Precisão e Recall
- Created by
- Renato Passos, Eng. de Software
- Reviewed by
- Renato Passos, Eng. de Software
Last updated: Apr 18, 2026
Formula
P=TP/(TP+FP), R=TP/(TP+FN)
About this calculator
The Precision and Recall calculator is a fundamental statistical tool in machine learning and classification model evaluation. It enables the calculation of two crucial metrics: Precision and Recall. Precision is the ratio of true positives (TP) to the sum of true positives and false positives (FP), indicating the model's accuracy. Recall, on the other hand, is the ratio of true positives to the sum of true positives and false negatives (FN), reflecting the model's ability to detect all relevant cases.
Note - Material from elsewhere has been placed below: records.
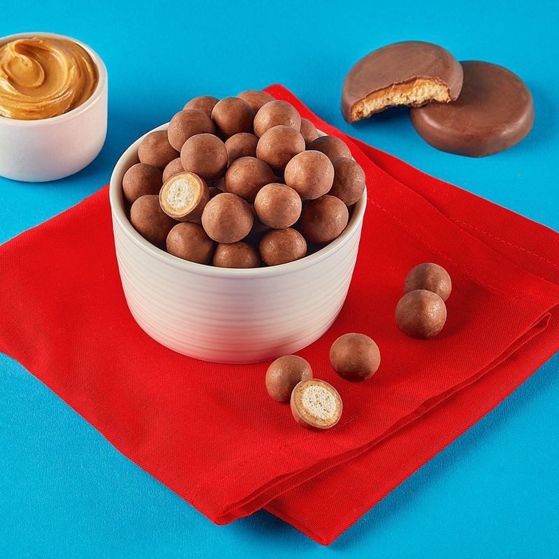 Peanut Butter Flavored Coating (Peanut Flour, RSPO Palm Kernel Oil, Sugar, Nonfat Milk Powder, Peanut Butter [Roasted Peanuts, Sugar, Hydrogenated Vegetable Oil {Cottonseed, Soybean, Rapeseed}, Salt],…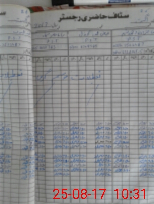| CNIC | Full Name | Designation | R/C | Absence During Last Calender Month |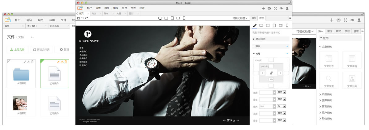 全球领先的响应式网站自助建设平台拥有十年以上经验的开发团队,运用最先进的HTML5技术,完全自主研发出全球领先的响应式网站自助建设平台。用户在突唯阿快速创建响应式网站,一站打通电脑、手机、平板、百度、微博、微信。无需设计和编码知识,自己就能方便的修改排版、样式、内容和功能,根据促销和活动需求,即时添加网页和栏目。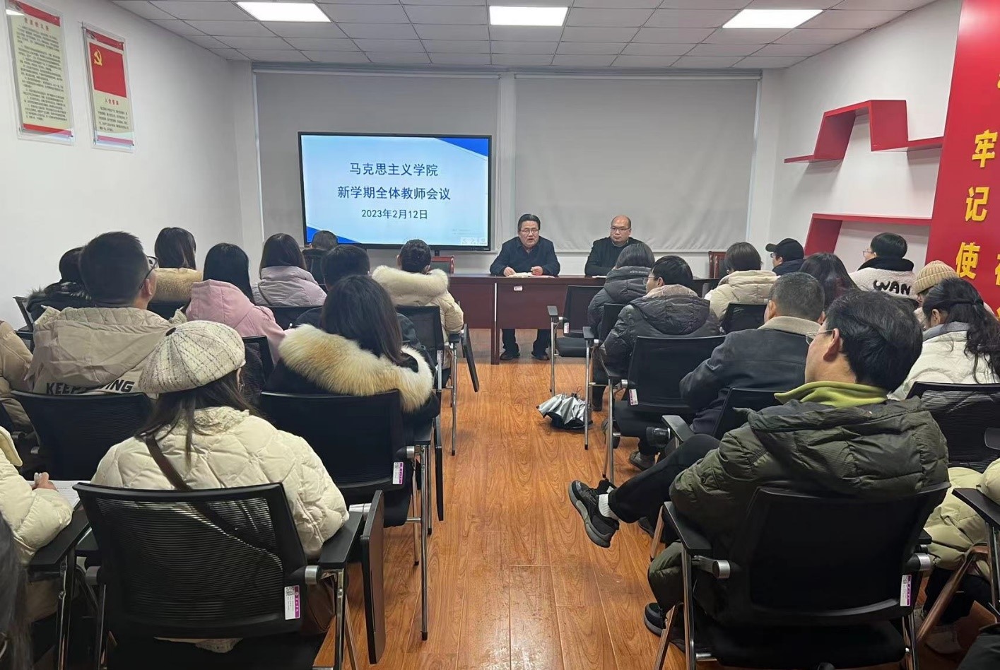 刘春安传达了学校新学期工作会议精神,并就2023年度学院整体工作进行了谋划与展望。他指出,2023年学院要以高质量党建为统领,以深入学习宣传贯彻党的二十大精神为主线,以提升思政课教学质量为目标,以加强师资队伍建设为重点,坚定不移用习近平新时代中国特色社会主义思想铸魂育人。他希望,全院教职工不忘立德树人初心,携手共进,迎难而上,以更加积极主动的工作态度扎实有效完成各项任务,不断提升太阳集团网站8722建设的科学化、规范化和现代化水平,大力推动学院党建和事业取得新发展。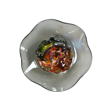 Explore hand-blown glass wall art featuring colorful plates—unique decor to brighten any space.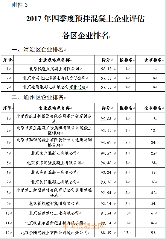 3.2017年四季度預(yù)拌混凝土企業(yè)評(píng)估各區(qū)企業(yè)排名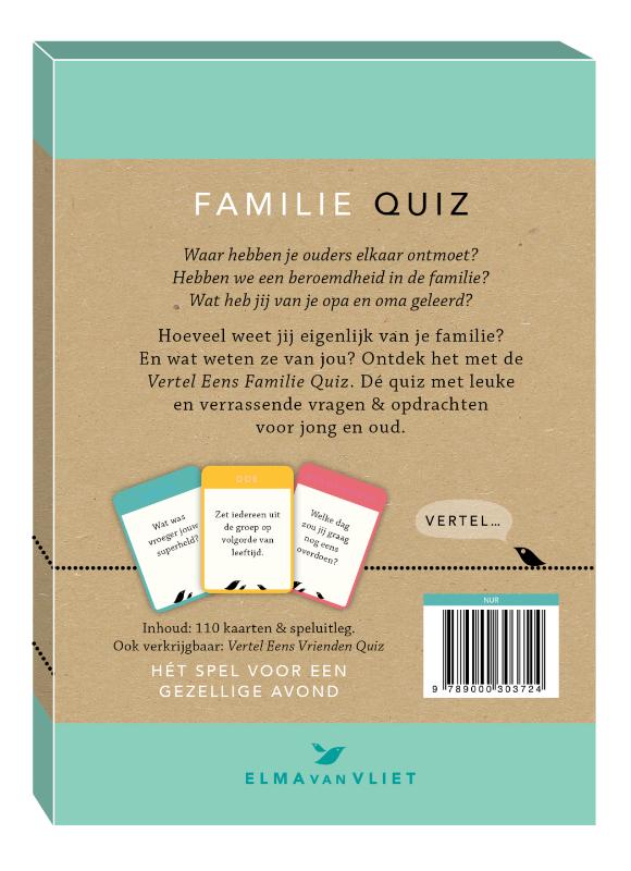 Vrolijk vragenspel om jouw familie nog beter te leren kennen. Je kent elkaar als geen ander, je bent tenslotte familie. Toch zijn er waarschijnlijk ontzettend interessante en grappige weetjes over je opa, oma, ouders, broer of zus die je nooit eerder hebt gehoord. Met de Vertel Eens Familie Quiz van Elma van Vliet ontdek je het op de leukste manier. Een luchtig vragenspel voor jong en oud, met hetzelfde uitgangspunt als de Vertel eens-boeken: elkaar nog beter leren kennen en samen herinneringen ophalen. Wat heeft je broer bijvoorbeeld met zijn eerste salaris gedaan? Hoe laat ben je geboren? En waar hebben je opa en oma elkaar eigenlijk ontmoet? De 110 mooi vormgegeven spelkaartjes zorgen voor verrassende gesprekken, hilarische anekdotes en nog meer verhalen van de mensen die je het beste kent. Heerlijk voor een gezellige avond met familie. Geschikt voor 3-8 spelers van 8-99 jaar. Ook in deze serie: Vertel Eens Vriendinnen Quiz, Vertel Eens Vrienden Quiz en Vertel Eens Winter Quiz. Elma van Vliet is bekend geworden met het boek Mam, vertel eens, dat ze maakte voor haar moeder toen die ernstig ziek werd en ze haar nog zoveel wilde vragen. Het werd het eerste in een reeks producten die helpen bij het maken, delen en bewaren van dierbare herinneringen. Elma’s boeken en spellen zorgen in de drukke wereld waarin we leven voor écht contact met de mensen om ons heen.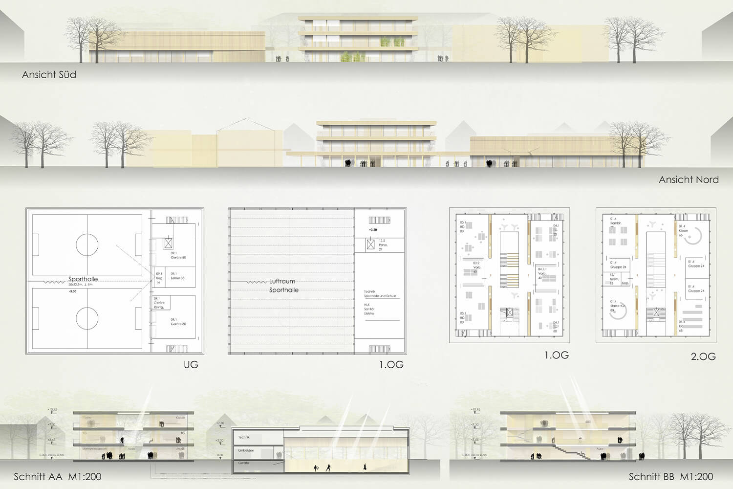 Der Entwurf sieht eine Ergänzung des bestehenden Ensembles durch zwei Punkthäuser im Süden vor. Durch diese Positionierung entsteht eine geschützte Innenhofsituation. Die Neubauten bilden eine angemessene Abschirmung des Pausenhofs gegenüber der umgebenden Wohnbebauung. Gemäß der bestehenden Verknüpfung der einzelnen Schulgebäude mittels Vordächer werden diese ergänzt, um eine optimale Anbindung der beiden neuen Gebäudeteile an das Ensemble zu schaffen.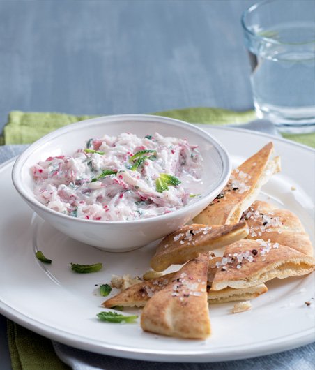 Když do dipu zapojíte jogurt a křupavou čerstvou zeleninu (můžete ji obměňovat podle sezony) a smažené lupínky vyměníte za opečené chlebové placky, mlsání se rázem změní ve zdravou svačinku nebo lehkou večeři.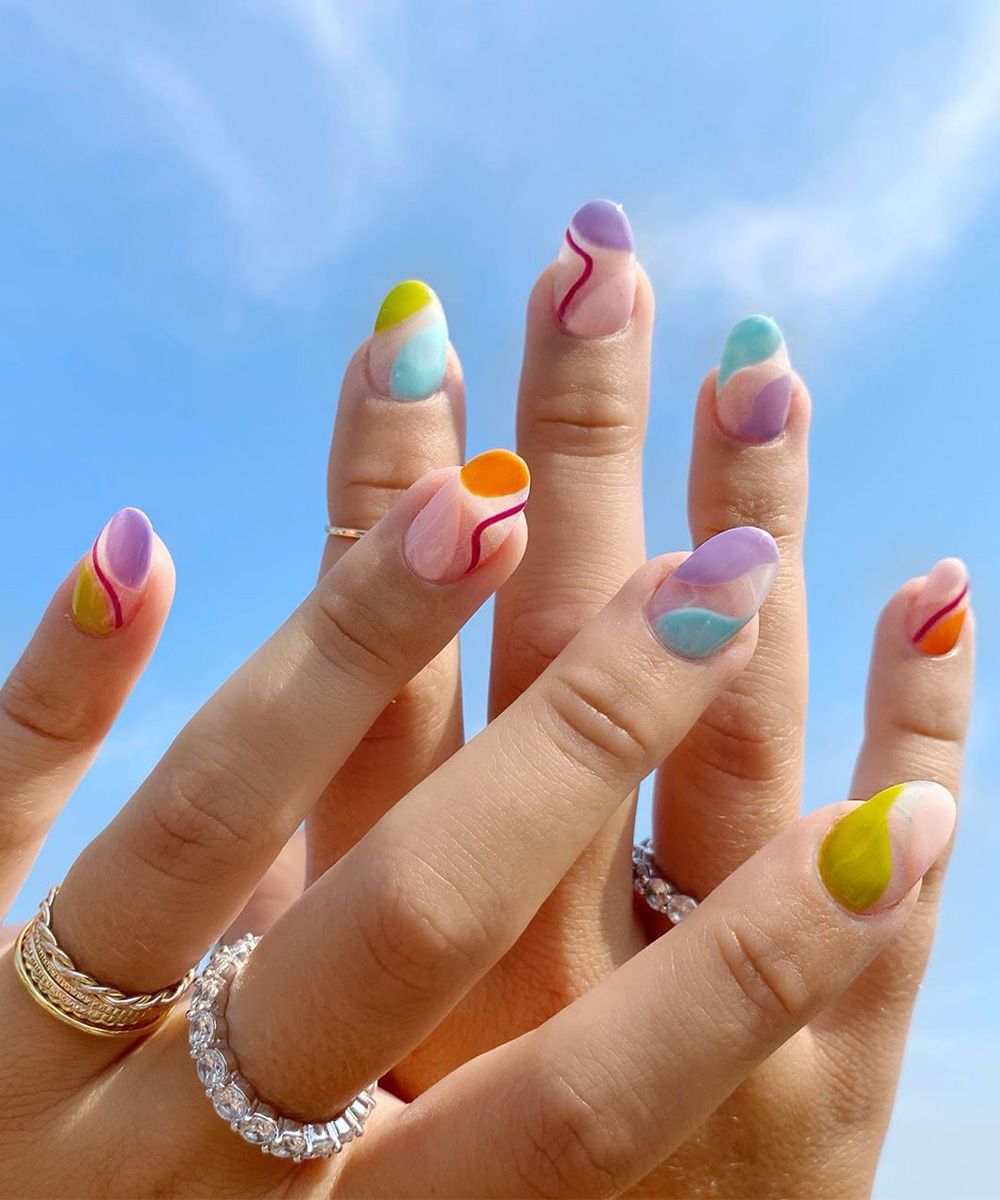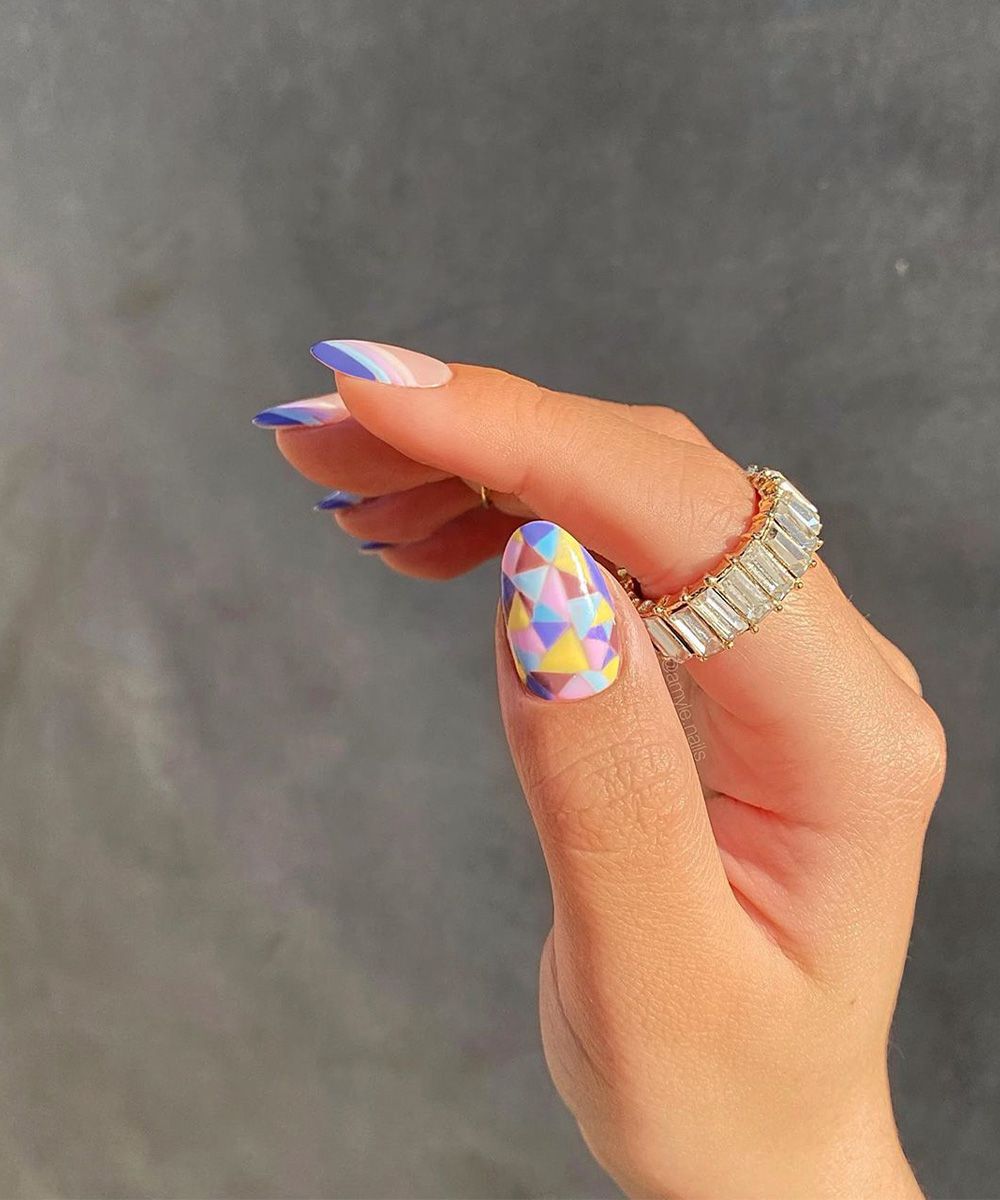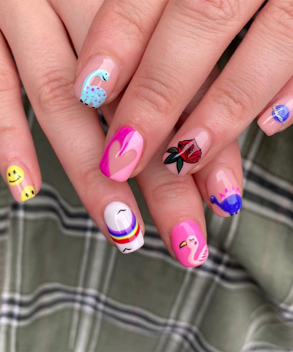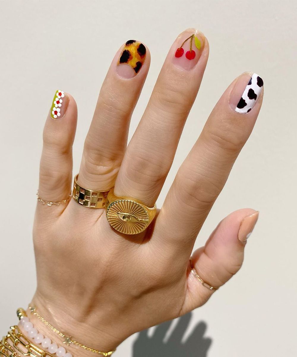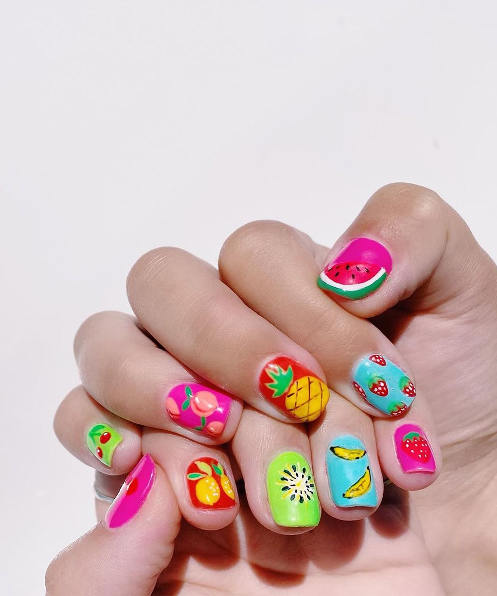 Probably the most popular nail art on our Instagram feeds during the summer and still very present on the profiles of nail artists and beauty addicts: the best way to express yourself 100%, nail after nail, is to choose a mix of patterns, decorations, designs and themes for each nail, for a super fun and colorful result.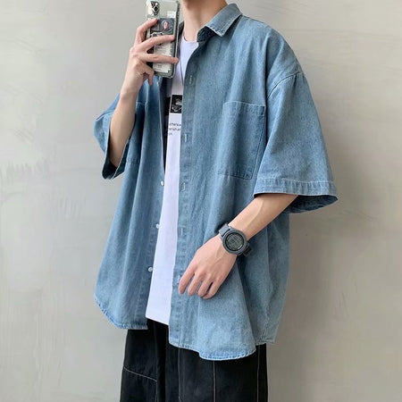 Men’s Denim Short-Sleeve Shirt – Trendy Korean Style Workwear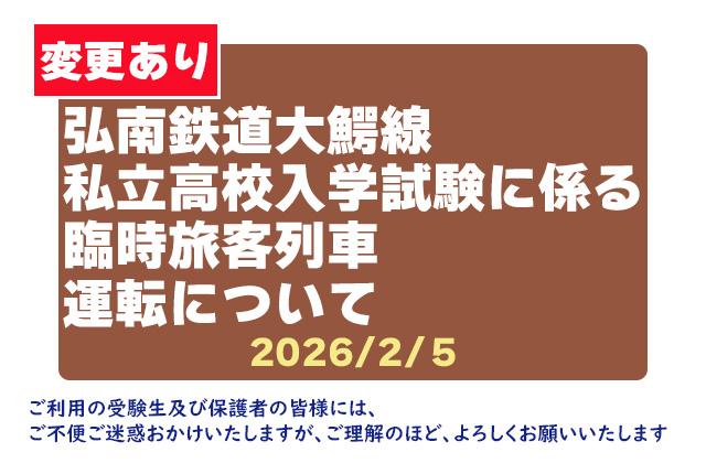 2026年2月5日(木) 私立高校入学試験に係る臨時旅客列車の運転につきましても、下記のように変更させていただきます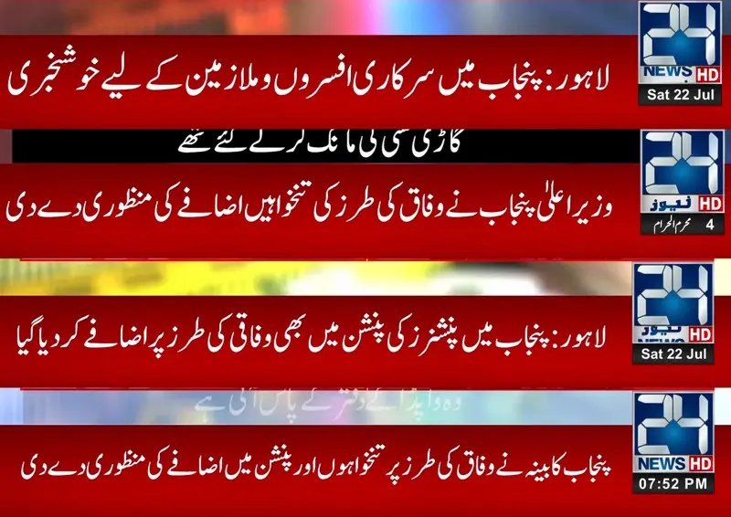 We have brought amazing news for all the candidates who are working in the government sector of Punjab. According to the details, we are glad to notify all that the Chief Minister officially approved the decision to increase the salaries and pensions of government candidates. Now the salaries of such applicants will equal the Federal Board candidates. Applicants who belong to Punjab will follow this decision. They implement this decision from 22nd July 2023. Now all Punjab government employees will get a 35% salary increase on their running initial pay, and all retired employees will get a 17.5% increase in their pensions.City42 News channel, which is under Mohsin Naqvi itself, has told this news. There was a cabinet meeting today, 22 July 2023. For better understanding, we also share the snap of that news.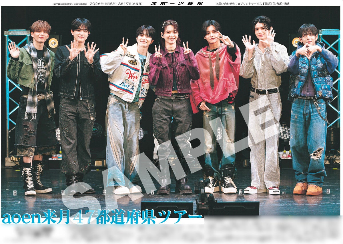 スポーツ報知を発行する報知新聞社(代表取締役社長・長谷川剛)は新聞の一部紙面をコンビニエンスストアのマルチコピー機からプリントできる「スポーツ報知コンビニプリント」サービスを展開中。スポーツ紙ならではの大きな写真を使った紙面をプリント版として販売しています。新たに3月17日付掲載、新世代JーPOPボーイズグループ「aoen」のセカンドシングル「秒で落ちた」発売記念イベントの様子を伝えた紙面を発売中です。全9種類になります。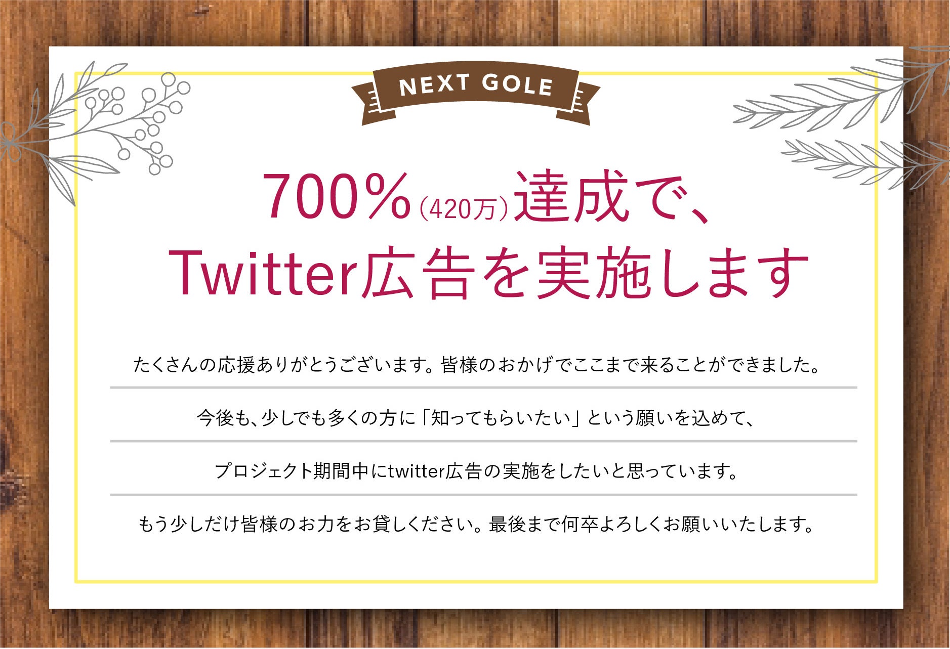 今よりもさらに多くの方にこの企画を知っていただく為に「twitter広告」を実施したいと思います。

These metrics are calculated based on the formulas: Precision (P) = TP / (TP + FP) and Recall (R) = TP / (TP + FN). It's essential to understand that high Precision values do not necessarily imply high Recall values and vice versa. The choice of one over the other as a primary metric depends on the context and objectives of the model. For instance, in medical diagnostics, Recall is often prioritized to ensure no case is erroneously dismissed.
When using this calculator, it's important to consider common concerns related to the interpretation of these metrics. A model may exhibit high Precision, but if false negatives are severe or frequent, a low Recall can be problematic. Similarly, a high Recall can be achieved at the expense of low Precision, resulting in many false positives and wasted resources.
To effectively utilize this calculator, it's crucial to have a clear understanding of true positives, false positives, and false negatives in the context of your specific problem. This ensures that the calculated metrics are correctly interpreted and meaningfully applied to improve model performance.
Frequently asked questions
What is Precision in a classification model?
Precision is the ratio of true positives to the sum of true positives and false positives, indicating the model's accuracy.
Why is Recall important in certain contexts?
Recall is crucial in contexts where it's vital to detect all relevant cases, such as in medical diagnostics, to avoid false negatives.
How to interpret a model with high Precision and low Recall?
A model with high Precision and low Recall is accurate but fails to detect many relevant cases, indicating a tendency towards false negatives.
Can I improve Precision and Recall simultaneously?
Yes, by adjusting the model and its settings, but often improvements in one metric can affect the other.
What are the limitations of Precision and Recall metrics?
Limitations include dependence on class distribution in the dataset and the need to define what constitutes a true positive, false positive, and false negative.